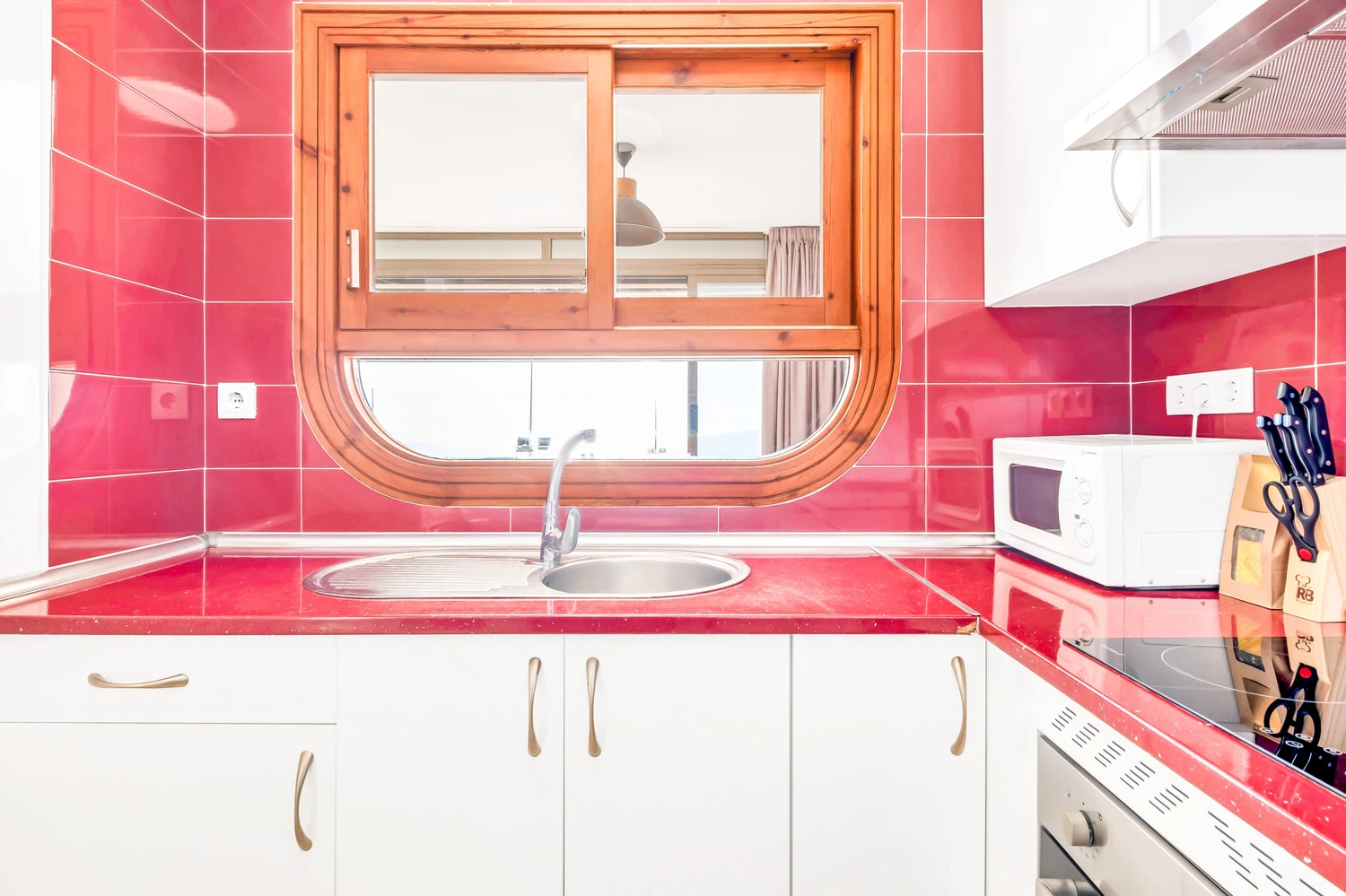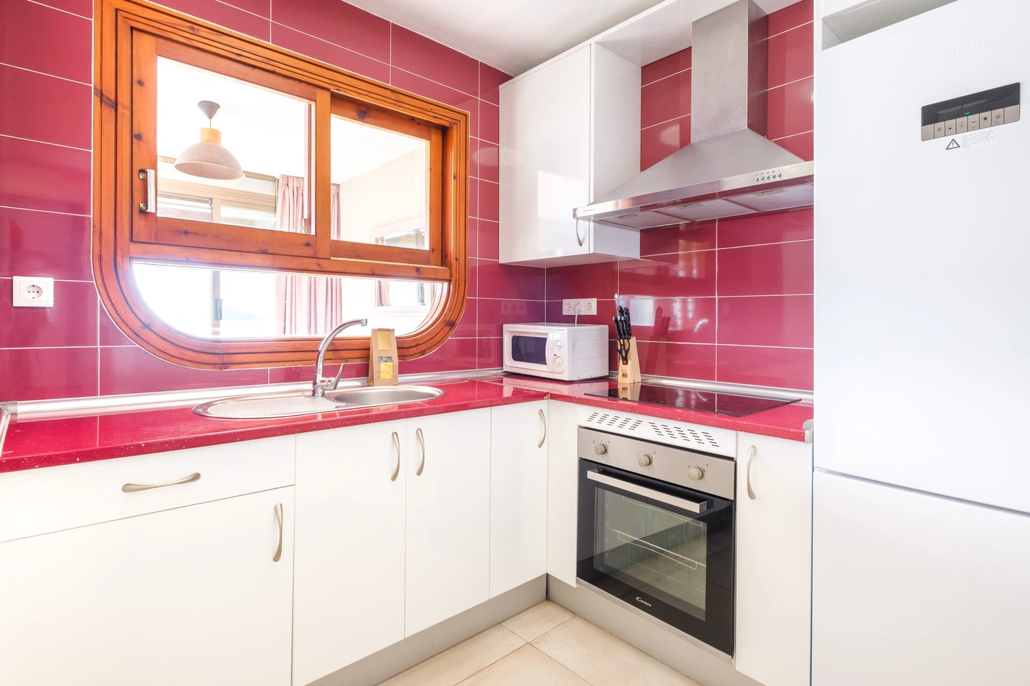 La cocina independiente de vitrocerámica, está equipada con nevera, lavadora, microondas, horno, congelador, vajilla/cubertería, utensilios/cocina, cafetera, tostadora, hervidor de agua y exprimidor.
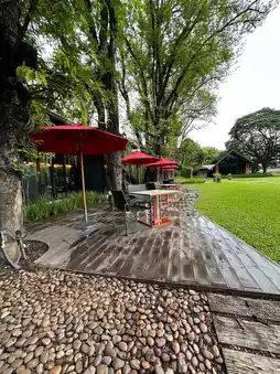 Our group of three adults enjoyed a four-night stay at Cross Riverside in late May and early June. Nestled along the Mae Ping River, this resort is ideal for those seeking a serene escape in nature, while being only a short 10-minute ride from the old city's attractions. Enveloped by expansive grounds featuring trees over a century old, the setting is breathtaking. Most rooms offer views of the river and are adorned with unique art deco designs and spacious balconies. Beginning the day with coffee on the balcony, accompanied by bird songs, or strolling across the expansive lawns to the riverbank is simply delightful. The restaurant provides a Thai-French menu of superb quality, though the room service menu is limited. The staff are exceptionally warm and friendly. Notably, the owner is a vintage car enthusiast, evidenced by two vintage cars displayed on-site, with several more in his collection. Overall, this is among the finest resort hotels in Chiang Mai.
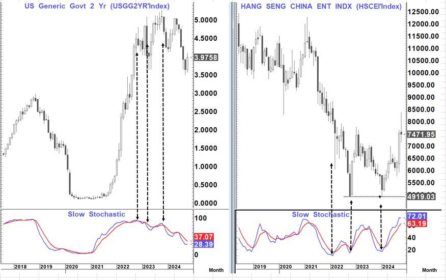 It is VERY RARE to see this on a monthly chart and 2 examples are below and we can see what happened next. On the US 2-year yield we got this development at the high for the first time in history and on the HSCEI recently we saw pretty much the same development
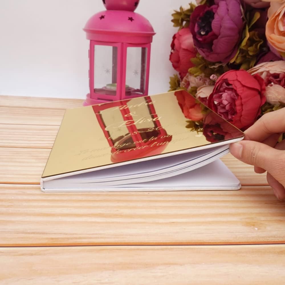 SIZE 1 : 26cm*19cm Use for : Wedding Guestbook cover,Guest book Product : Guestbook,Guestbook cover ,Mirror Guestbook ,Wedding Design Occasion : Wedding & Engagement ,Valentine's Day Color : Gold mirror ,silver Mirror Topic : Party organizer ,Party designer ,event design Use : verlobungstablett Feature 1 : invitation,card ,sweet table ,dream wedding Feature 2 : Without backside mirror ,contact us if you want . Feature 3 : Wedding Book, Check-in book ,Sign this book,name mirror Product Feature : blank pages ,Blank Sheets ,white pages , Quantity of pages : 60 sheets (120 pages)
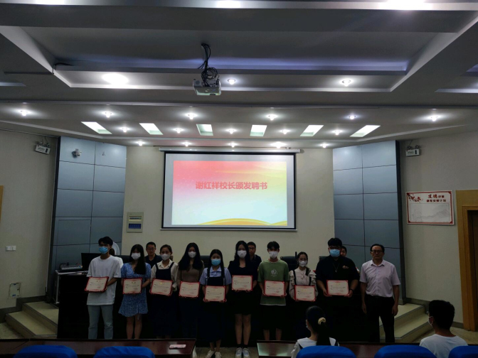 大会由刘伟伟主持,刘伟伟宣布大会开始,全体师生起立奏唱国歌,接下来,李海军宣读了第二届学生会人员名单,并对新一届学生会同学们表示祝贺,之后由谢红祥给主席团和各部门部长颁发了聘书。
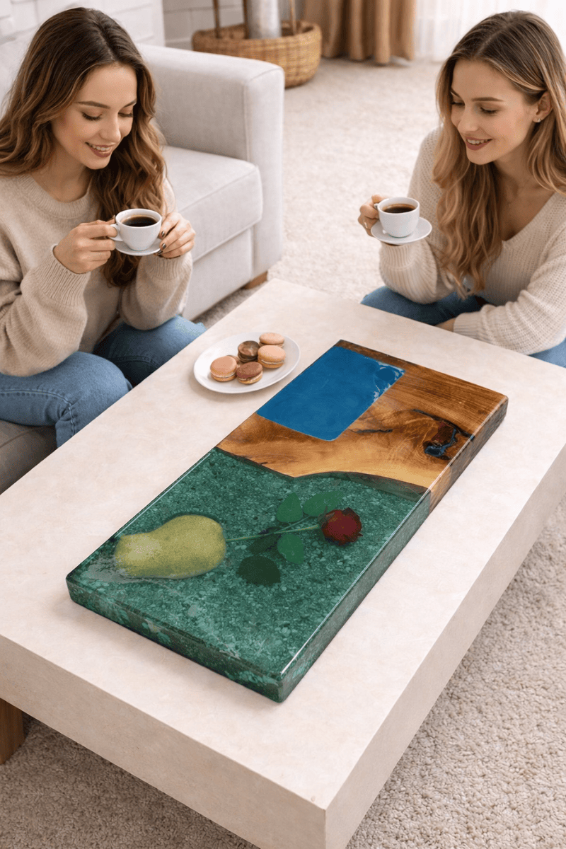 Ceviz ağacının ağırbaşlı dokusunu, dondurulmuş bir anı andıran epoksi sanatı ile birleştiren bu sunum tepsisi, sofralarınıza masalsı bir derinlik katar. İçerisine özenle yerleştirilen gül ve ceviz ağacı figürleri, yeşilin ve mavinin huzur veren tonlarıyla birleşerek epoksinin berraklığı altında üç boyutlu bir tablo estetiği sunar.
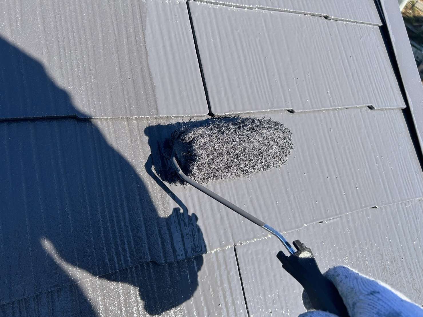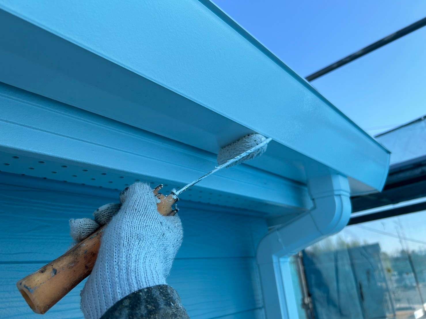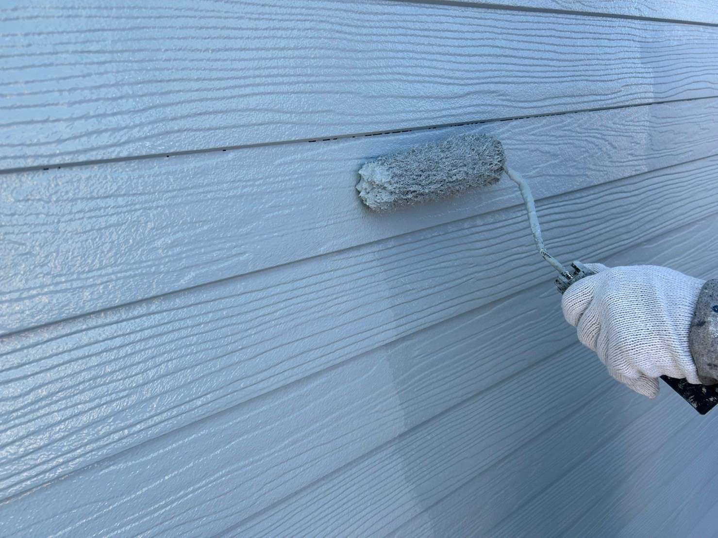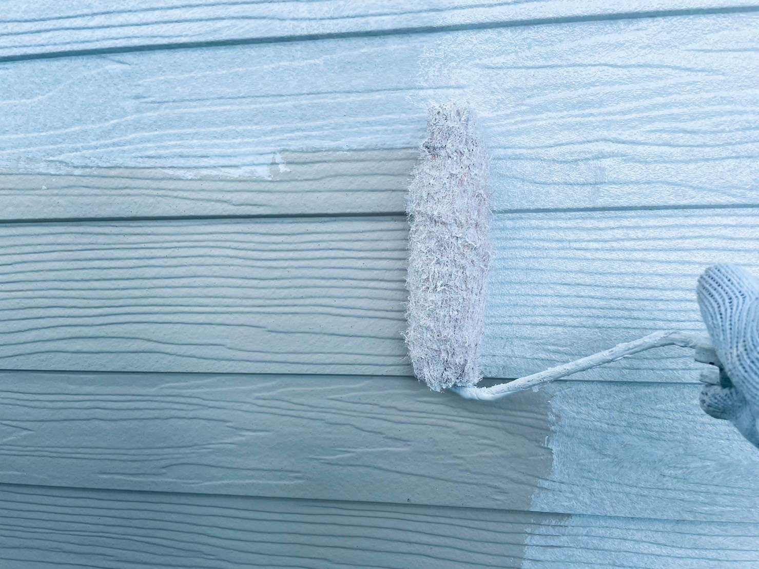 野田市H様邸では、艶消しアッシュ系ブルーの塗料を使い施工しました。

^^^^

## What this task involves
Print the complete listing exactly, apart from any pictures.

## Your solution
 La cocina independiente de vitrocerámica, está equipada con nevera, lavadora, microondas, horno, congelador, vajilla/cubertería, utensilios/cocina, cafetera, tostadora, hervidor de agua y exprimidor.
 Our group of three adults enjoyed a four-night stay at Cross Riverside in late May and early June. Nestled along the Mae Ping River, this resort is ideal for those seeking a serene escape in nature, while being only a short 10-minute ride from the old city's attractions. Enveloped by expansive grounds featuring trees over a century old, the setting is breathtaking. Most rooms offer views of the river and are adorned with unique art deco designs and spacious balconies. Beginning the day with coffee on the balcony, accompanied by bird songs, or strolling across the expansive lawns to the riverbank is simply delightful. The restaurant provides a Thai-French menu of superb quality, though the room service menu is limited. The staff are exceptionally warm and friendly. Notably, the owner is a vintage car enthusiast, evidenced by two vintage cars displayed on-site, with several more in his collection. Overall, this is among the finest resort hotels in Chiang Mai.
 It is VERY RARE to see this on a monthly chart and 2 examples are below and we can see what happened next. On the US 2-year yield we got this development at the high for the first time in history and on the HSCEI recently we saw pretty much the same development
 SIZE 1 : 26cm*19cm Use for : Wedding Guestbook cover,Guest book Product : Guestbook,Guestbook cover ,Mirror Guestbook ,Wedding Design Occasion : Wedding & Engagement ,Valentine's Day Color : Gold mirror ,silver Mirror Topic : Party organizer ,Party designer ,event design Use : verlobungstablett Feature 1 : invitation,card ,sweet table ,dream wedding Feature 2 : Without backside mirror ,contact us if you want . Feature 3 : Wedding Book, Check-in book ,Sign this book,name mirror Product Feature : blank pages ,Blank Sheets ,white pages , Quantity of pages : 60 sheets (120 pages)
 大会由刘伟伟主持,刘伟伟宣布大会开始,全体师生起立奏唱国歌,接下来,李海军宣读了第二届学生会人员名单,并对新一届学生会同学们表示祝贺,之后由谢红祥给主席团和各部门部长颁发了聘书。
 Ceviz ağacının ağırbaşlı dokusunu, dondurulmuş bir anı andıran epoksi sanatı ile birleştiren bu sunum tepsisi, sofralarınıza masalsı bir derinlik katar. İçerisine özenle yerleştirilen gül ve ceviz ağacı figürleri, yeşilin ve mavinin huzur veren tonlarıyla birleşerek epoksinin berraklığı altında üç boyutlu bir tablo estetiği sunar.
 野田市H様邸では、艶消しアッシュ系ブルーの塗料を使い施工しました。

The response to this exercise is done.